DIRECTIONS FOR THIS TASK:
Print the entries exactly; skip the pictures.

---- LISTED ENTRIES

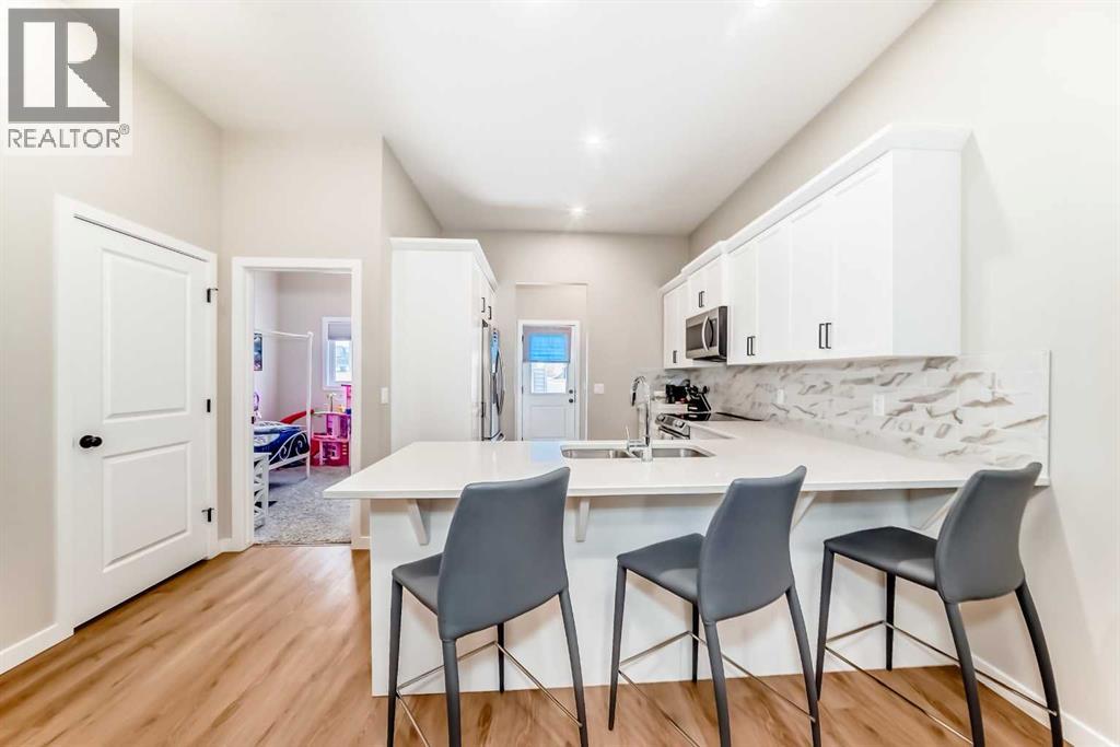 PRICE IMPROVEMENT!!! Welcome to this recently built (2022) and meticulously maintained 2 bed/2 full bath, AIR CONDITIONED bungalow; nestled in the community of Lanark Landing. The OPEN CONCEPT FLOOR plan and 10-FEET HIGH CEILINGS add to the spacious feel of this gorgeous home. LUXURY VINYL PLANK can be found throughout kitchen, living room and hallways. The Beautiful kitchen features QUARTZ counter tops, white shaker cabinetry, CROWN MOLDING, plenty of storage drawers, large PANTRY and WIFI enabled STAINLESS STEEL appliances. Living room boasts natural light thanks to a SUN-TUNNEL that leads into a large dining area perfect for entertaining. The primary bedroom features a MASSIVE WALK-IN CLOSET and Ensuite accented with QUARTZ counters and CUSTOM GLASS shower enclosure. The main floor is finished off with a MUDROOM w/bench, large secondary bedroom, laundry closet and 4 piece-bathroom also accented with QUARTZ counters. Do you want to add your personal touches to this home? Over 800sq.ft of undeveloped basement space awaits your imagination, complete with rough in’s and 3 large windows. This LOW MAINTENENCE property has thoughtful design elements including a FRONT VERANDA, CONCRETE PAD for the private patio or potential RV PARKING, a FULLY INSULATED and DRYWALL detached single garage equipped with WIFI OPENER, rock landscape garden out front for curb appeal and full VINYL FENCE and sodded backyard for those summer barbeques. Location is perfect, walking distance to walking paths, skating rinks, basketball courts, parks, schools and Kingsview Market. Easy access to Calgary with the new 40th Avenue overpass. The best value property of it's kind in Airdrie - Do not miss this opportunity! (id:63190)
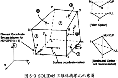 此單元為3-D固體結(jié)構(gòu)單元,由八個(gè)節(jié)點(diǎn)組成,在單元的每一節(jié)點(diǎn)上有三個(gè)自由度,即分別沿著三個(gè)坐標(biāo)軸的方向。此單元可以進(jìn)行塑性、蠕變、應(yīng)力硬化、大變形以及大應(yīng)變分析,是結(jié)構(gòu)分析中的最常用單元。單元結(jié)構(gòu)如圖6-3,此單元有兩種退化形式(見(jiàn)圖6-3右邊)。
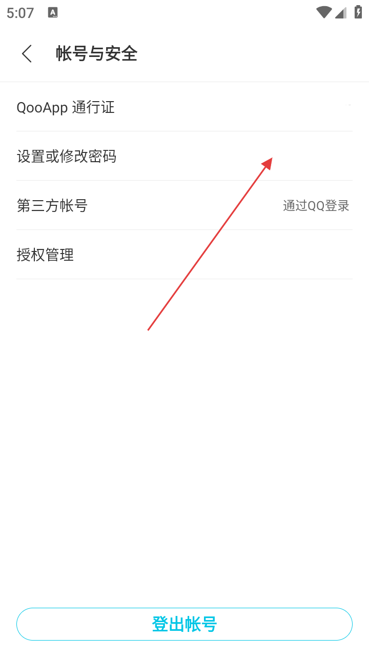 4、在【帐号与安全】界面,可进行【设置或修改密码】操作,也可查看QooApp通行证、第三方帐号等信息。
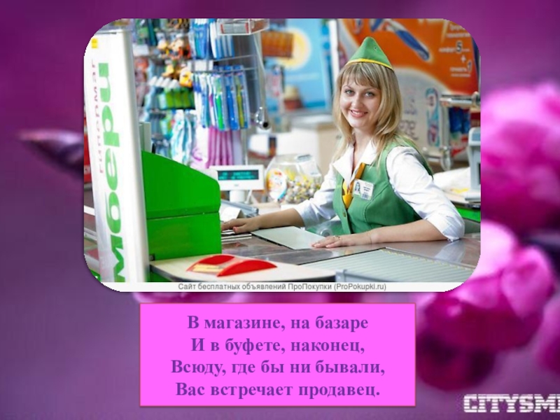 В магазине, на базаре И в буфете, наконец, Всюду, где бы ни бывали, Вас встречает продавец.
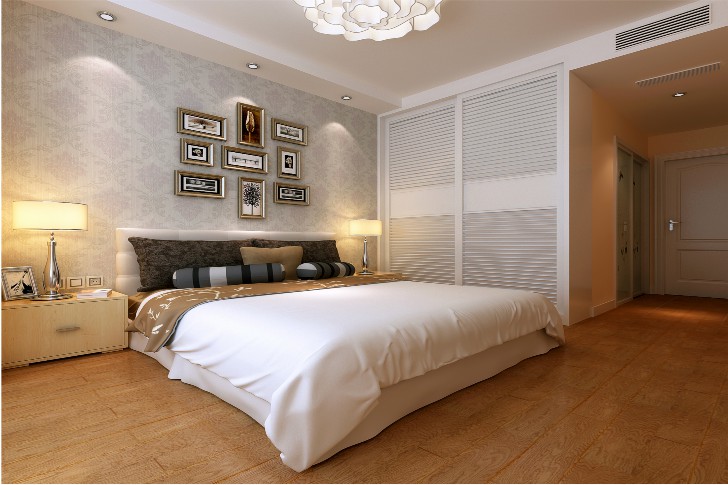 主卧室同样以简约为主,地面实木复合地板使用让卧室显得更加温馨,简约的嵌入式衣柜,简约的卧室床,没有复杂的床头造型,更加体现出了注重实用的特点,床头背景使用了素色花纹的壁纸,吊顶处小灯光的点缀及床头的贴画,更是起到点精之笔。
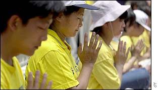 英国广播公司2003年2月15日报导,上百名法轮功成员周六(2月15日)在香港立法会大楼外抗议港府推动反颠覆法进入立法程序。
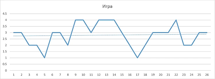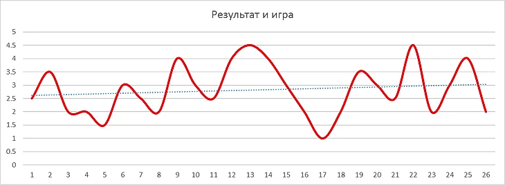 Может лучше станет видно в графике с субъективной оценкой результатов игры. Тут очень заметны высокие оценки с 9го по 15й матч. Судя по всему, это был пик этого Спартака. Закончился этот пик вместе с первым таймом матча с Лестером. Грустно, что за 26 матчей не было ни одного матча с максимальной оценкой игры, не случилось ни одного разгрома, ни одной уверенной победы над сильным соперником, что, конечно, симтоматично.

--------

RESPONSE BOX:
 PRICE IMPROVEMENT!!! Welcome to this recently built (2022) and meticulously maintained 2 bed/2 full bath, AIR CONDITIONED bungalow; nestled in the community of Lanark Landing. The OPEN CONCEPT FLOOR plan and 10-FEET HIGH CEILINGS add to the spacious feel of this gorgeous home. LUXURY VINYL PLANK can be found throughout kitchen, living room and hallways. The Beautiful kitchen features QUARTZ counter tops, white shaker cabinetry, CROWN MOLDING, plenty of storage drawers, large PANTRY and WIFI enabled STAINLESS STEEL appliances. Living room boasts natural light thanks to a SUN-TUNNEL that leads into a large dining area perfect for entertaining. The primary bedroom features a MASSIVE WALK-IN CLOSET and Ensuite accented with QUARTZ counters and CUSTOM GLASS shower enclosure. The main floor is finished off with a MUDROOM w/bench, large secondary bedroom, laundry closet and 4 piece-bathroom also accented with QUARTZ counters. Do you want to add your personal touches to this home? Over 800sq.ft of undeveloped basement space awaits your imagination, complete with rough in’s and 3 large windows. This LOW MAINTENENCE property has thoughtful design elements including a FRONT VERANDA, CONCRETE PAD for the private patio or potential RV PARKING, a FULLY INSULATED and DRYWALL detached single garage equipped with WIFI OPENER, rock landscape garden out front for curb appeal and full VINYL FENCE and sodded backyard for those summer barbeques. Location is perfect, walking distance to walking paths, skating rinks, basketball courts, parks, schools and Kingsview Market. Easy access to Calgary with the new 40th Avenue overpass. The best value property of it's kind in Airdrie - Do not miss this opportunity! (id:63190)
 此單元為3-D固體結(jié)構(gòu)單元,由八個(gè)節(jié)點(diǎn)組成,在單元的每一節(jié)點(diǎn)上有三個(gè)自由度,即分別沿著三個(gè)坐標(biāo)軸的方向。此單元可以進(jìn)行塑性、蠕變、應(yīng)力硬化、大變形以及大應(yīng)變分析,是結(jié)構(gòu)分析中的最常用單元。單元結(jié)構(gòu)如圖6-3,此單元有兩種退化形式(見(jiàn)圖6-3右邊)。
 4、在【帐号与安全】界面,可进行【设置或修改密码】操作,也可查看QooApp通行证、第三方帐号等信息。
 В магазине, на базаре И в буфете, наконец, Всюду, где бы ни бывали, Вас встречает продавец.
 主卧室同样以简约为主,地面实木复合地板使用让卧室显得更加温馨,简约的嵌入式衣柜,简约的卧室床,没有复杂的床头造型,更加体现出了注重实用的特点,床头背景使用了素色花纹的壁纸,吊顶处小灯光的点缀及床头的贴画,更是起到点精之笔。
 英国广播公司2003年2月15日报导,上百名法轮功成员周六(2月15日)在香港立法会大楼外抗议港府推动反颠覆法进入立法程序。
 Может лучше станет видно в графике с субъективной оценкой результатов игры. Тут очень заметны высокие оценки с 9го по 15й матч. Судя по всему, это был пик этого Спартака. Закончился этот пик вместе с первым таймом матча с Лестером. Грустно, что за 26 матчей не было ни одного матча с максимальной оценкой игры, не случилось ни одного разгрома, ни одной уверенной победы над сильным соперником, что, конечно, симтоматично.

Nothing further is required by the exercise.